• **Brief**
With pictures left out, output word for word the lines from the one containing "Il s'agit d'un" through the end of the material below.

• **Available records**
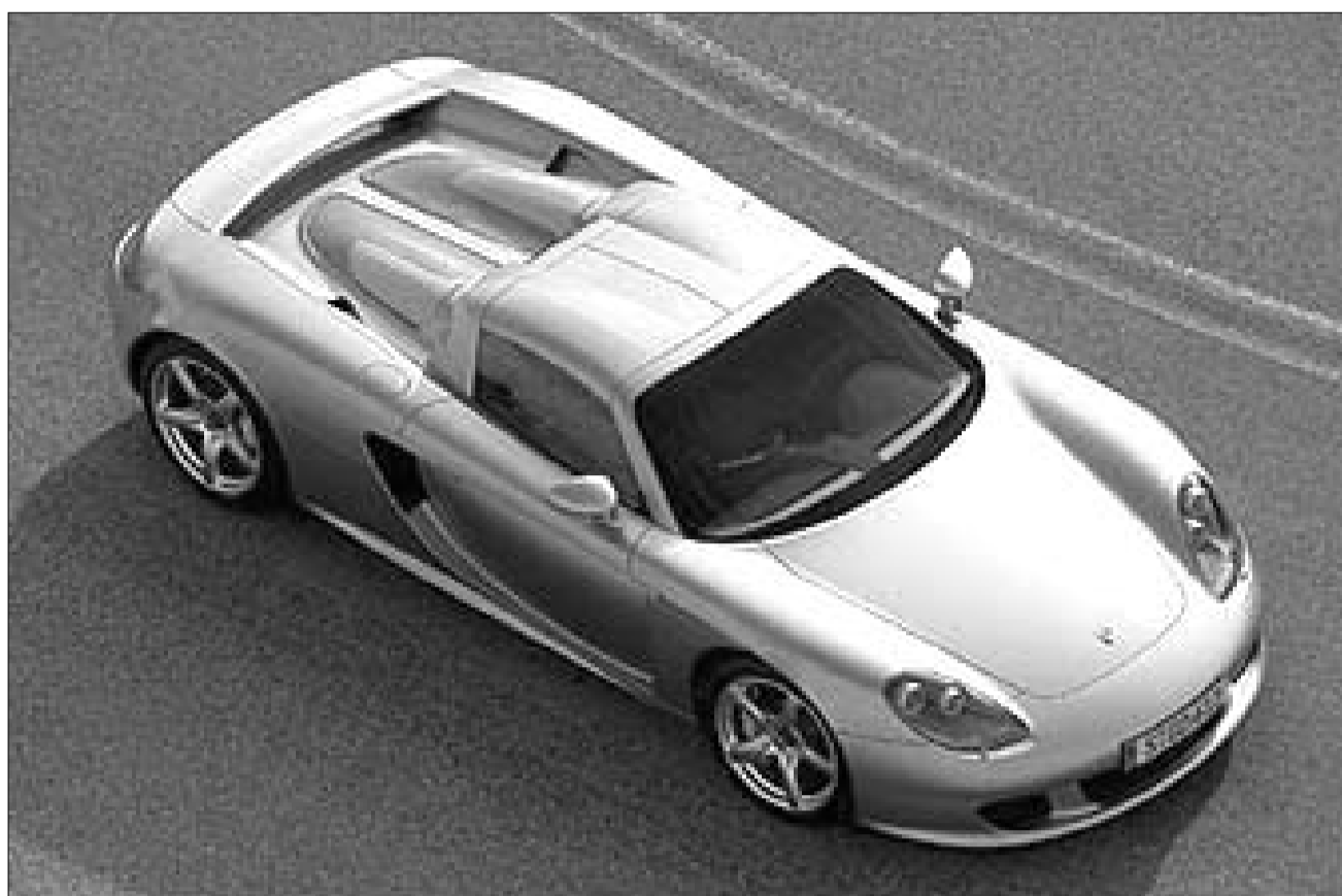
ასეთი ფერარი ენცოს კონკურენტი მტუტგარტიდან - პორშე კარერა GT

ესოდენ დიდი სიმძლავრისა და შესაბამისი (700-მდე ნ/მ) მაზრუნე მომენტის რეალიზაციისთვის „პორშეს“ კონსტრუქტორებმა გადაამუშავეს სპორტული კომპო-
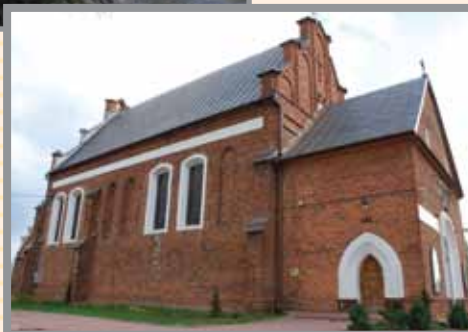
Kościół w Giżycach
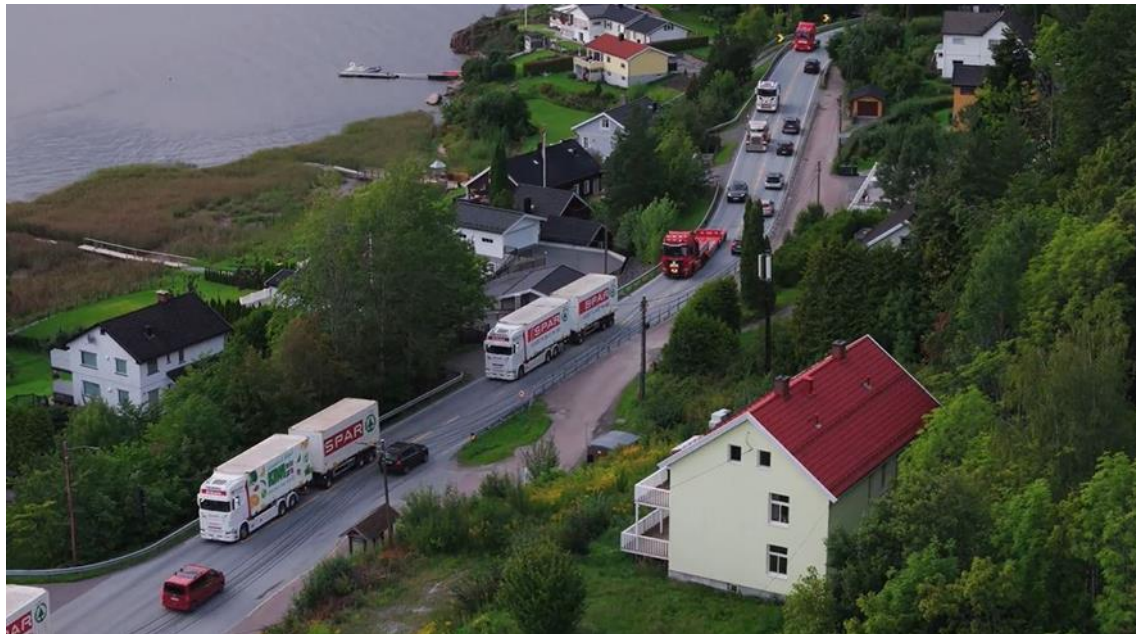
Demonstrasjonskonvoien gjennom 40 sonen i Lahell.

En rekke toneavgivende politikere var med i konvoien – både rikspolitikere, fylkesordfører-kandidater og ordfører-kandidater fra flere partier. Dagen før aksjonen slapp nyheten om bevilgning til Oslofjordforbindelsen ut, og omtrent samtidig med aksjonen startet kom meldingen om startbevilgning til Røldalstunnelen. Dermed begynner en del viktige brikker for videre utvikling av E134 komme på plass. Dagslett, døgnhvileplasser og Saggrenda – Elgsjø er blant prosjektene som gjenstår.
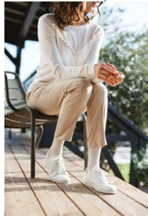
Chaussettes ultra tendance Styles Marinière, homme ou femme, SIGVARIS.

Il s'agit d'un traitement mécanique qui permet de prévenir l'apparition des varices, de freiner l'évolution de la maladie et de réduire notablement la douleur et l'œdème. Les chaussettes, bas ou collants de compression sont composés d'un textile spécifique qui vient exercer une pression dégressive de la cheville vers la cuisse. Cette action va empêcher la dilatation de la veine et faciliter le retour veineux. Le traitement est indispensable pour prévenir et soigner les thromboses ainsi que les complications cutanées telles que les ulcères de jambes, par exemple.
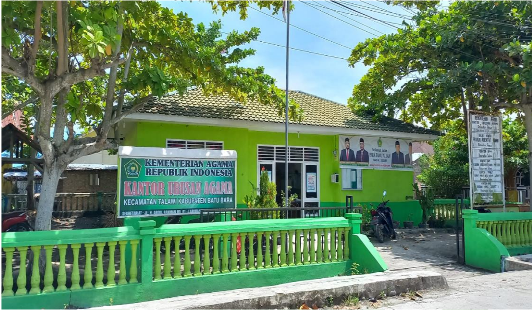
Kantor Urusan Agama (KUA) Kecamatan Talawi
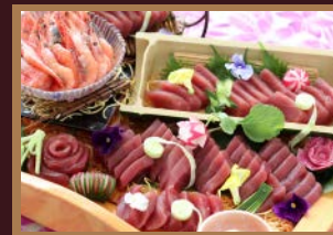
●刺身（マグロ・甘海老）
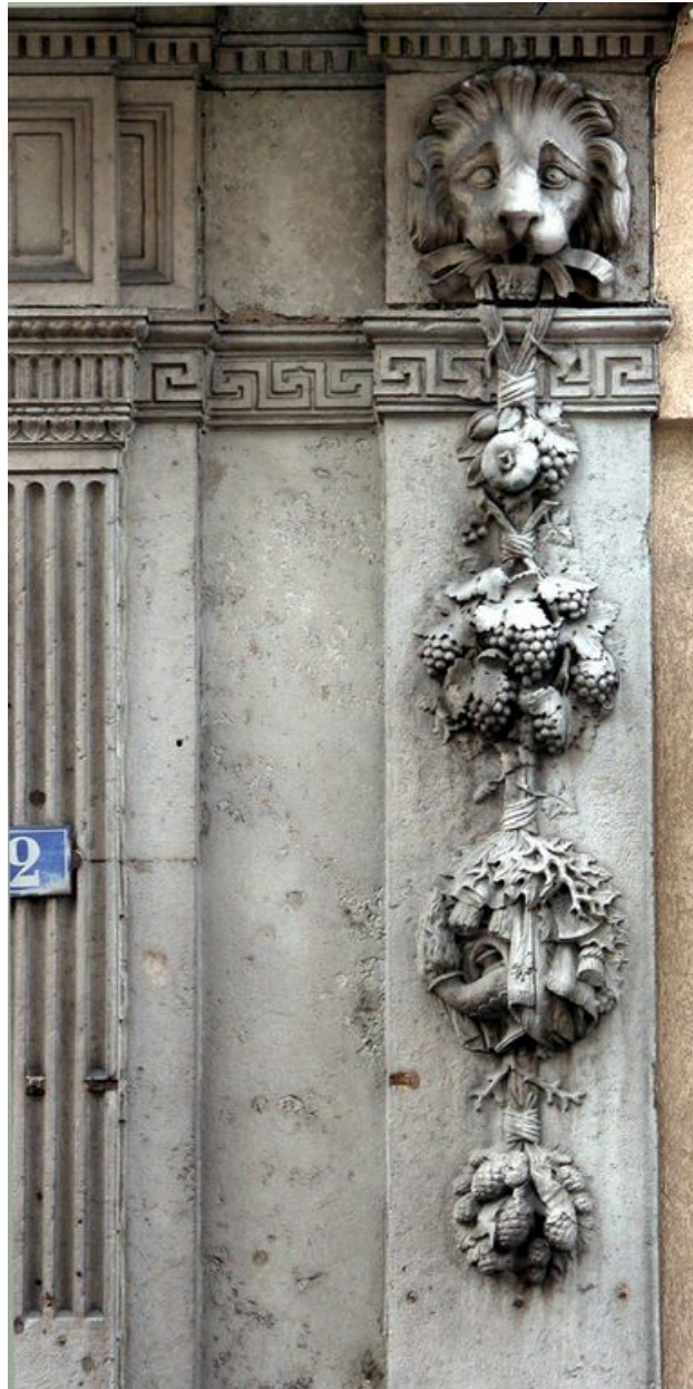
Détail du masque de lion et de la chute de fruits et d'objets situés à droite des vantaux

• **Response for this exercise**
Il s'agit d'un traitement mécanique qui permet de prévenir l'apparition des varices, de freiner l'évolution de la maladie et de réduire notablement la douleur et l'œdème. Les chaussettes, bas ou collants de compression sont composés d'un textile spécifique qui vient exercer une pression dégressive de la cheville vers la cuisse. Cette action va empêcher la dilatation de la veine et faciliter le retour veineux. Le traitement est indispensable pour prévenir et soigner les thromboses ainsi que les complications cutanées telles que les ulcères de jambes, par exemple.
Kantor Urusan Agama (KUA) Kecamatan Talawi
●刺身（マグロ・甘海老）
Détail du masque de lion et de la chute de fruits et d'objets situés à droite des vantaux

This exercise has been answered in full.